All of the patients were divided into two groups based on the prescription received upon discharge. Patients receiving a combination of aspirin, any P2Y12 inhibitor (clopidogrel, prasugrel, or ticagrelor), statin, beta-blocker, and ACEI or ARB were assigned to the OMT group, and others were assigned to the non-OMT group. All patients were followed-up for at least 12 months.

Database management

The clinical and interventional data were recorded, including traditional cardiovascular risk factors, type of AMI, comorbidities, arterial access, and treatment strategy. Data of each center were transferred to the BleeMACS coordinating center at the cardiology department in Santiago de Compostela for further examination and verification. The final database consisting of 61 items was developed covering baseline characteristics and clinical outcomes. Centers that provided forms with more than 5% missing data were not included in the final BleeMACS database.

Endpoints

The primary endpoint was all-cause mortality at 1-year follow-up. The secondary endpoints included re-AMI and major adverse cardiovascular event (MACE) (a composite of death/MI) at 1 year of follow-up. Bleeding events were also followed-up as a safety indicator.

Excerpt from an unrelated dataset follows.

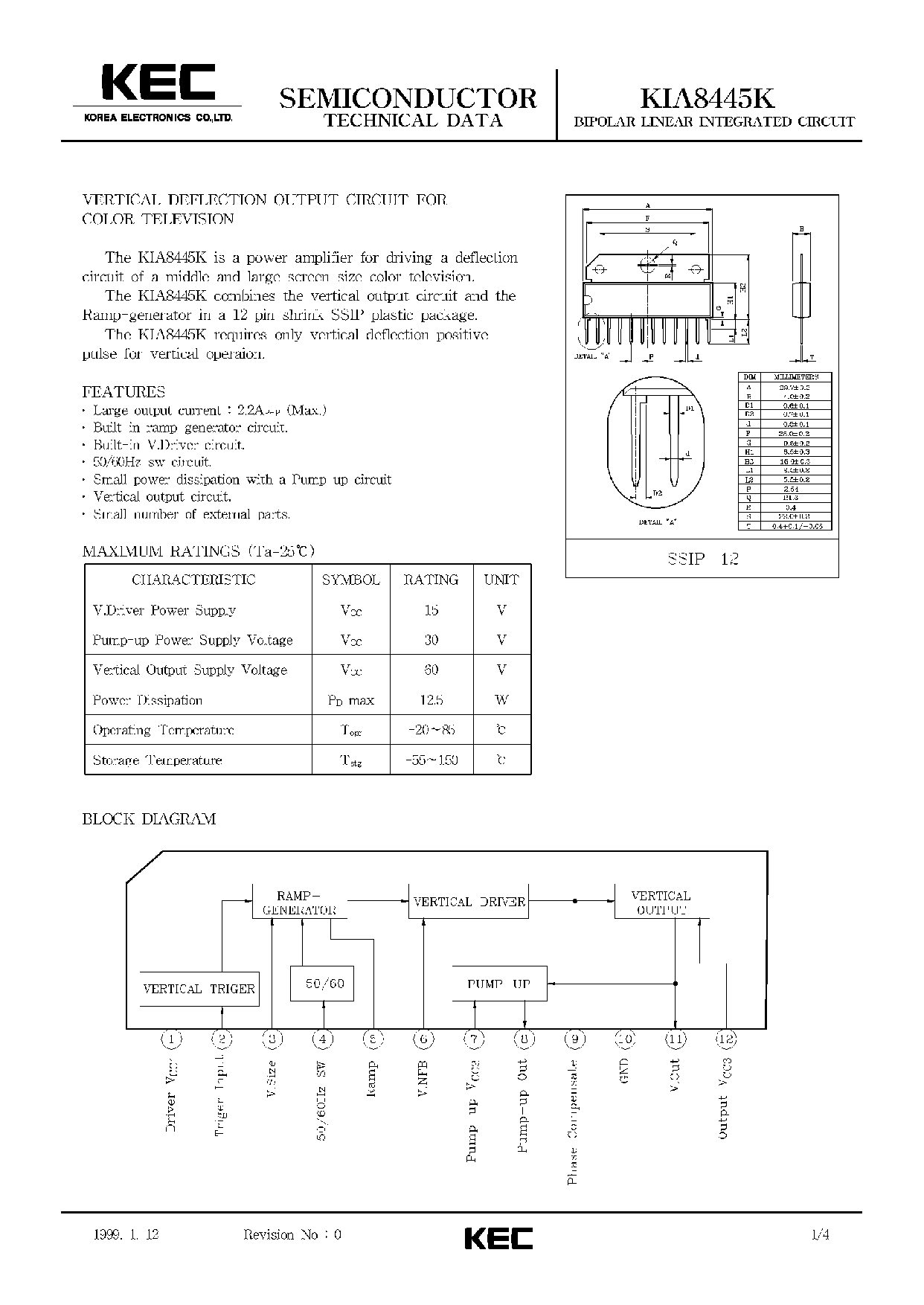 BIPOLAR LINEAR INTEGRATED CIRCUIT (VERTICAL DEFLECTION OUTPUT CIRCUIT FOR COLOR TELEVISION)

Sample size calculation and justification

The rule we used for quickly determining sample size is at least 10 cases per variable in this study, in order to obtain results that are likely to be both true and clinically useful.

Statistical analysis

Continuous variables are expressed as means (standard deviations (SD)) and the medium (interquartile range (IQR)) for normally and non-normally distributed data respectively, and the categorical variables are expressed as counts and percentages (%). A comparison of the baseline characteristics between the two groups was performed using a Student t test for continuous variables and a Pearson chi-square test or Fisher’s exact test for categorical variables. Kaplan-Meier analysis was performed to compare the outcomes between groups. Log-rank test was adopted to compare rates of the endpoints. Cox regression analysis was performed to evaluate the predictive ability of the parameters of interest. Given differences in the baseline characteristics between the two groups, the propensity score matching (PSM) was used to generate two matching cohorts of patients receiving OMT or not. 1:1 PSM was performed using the nearest-neighbor method with a caliper of 0.03. All of the clinical variables (age, sex, type of AMI, hypertension, diabetes mellitus, dyslipidemia, previous AMI, previous PCI, previous coronary artery bypass graft (CABG), congestive heart failure, PAD, chronic kidney disease, malignancy, previous bleeding, and hemoglobin level) as well as procedural data (thrombolysis, procedural access, multi-vessel disease, stent type, and complete revascularization) were incorporated in the analysis. All analyses were performed using SPSS 21.0 (IBM Corp., Armonk, NY, USA). A two-sided p-value of <0.05 was considered significant.

Results

A total of 15,401 patients with ACS were included into the BleeMACS registry (Figure 1). Among the 765 (5.0%) patients with AMI and prior stroke, 400 (52.3%) received OMT upon hospital discharge. More specifically, 744 (97.3%) received aspirin, 723 (94.5%) P2Y12 inhibitor, 687 (89.8%) statin, 561 (73.3%) ACEI/ARB, and 582 (76.1%) beta-blocker. No difference in the OMT prescription was observed between patients diagnosed with STEMI or NSTEMI (53.7% vs 49.6%, p = 0.286).

Figure 1.

The flow chart of patient selection process.

Baseline features

Briefly, most of the baseline characteristics were comparable between the OMT and non-OMT groups, as shown in Table 1. However, patients in the non-OMT group were much older, had more previous bleeding events, presented with higher creatinine levels upon admission, and fewer had used a drug-eluting stent (DES).

Table 1.

Baseline demographic, clinical and procedural characteristics.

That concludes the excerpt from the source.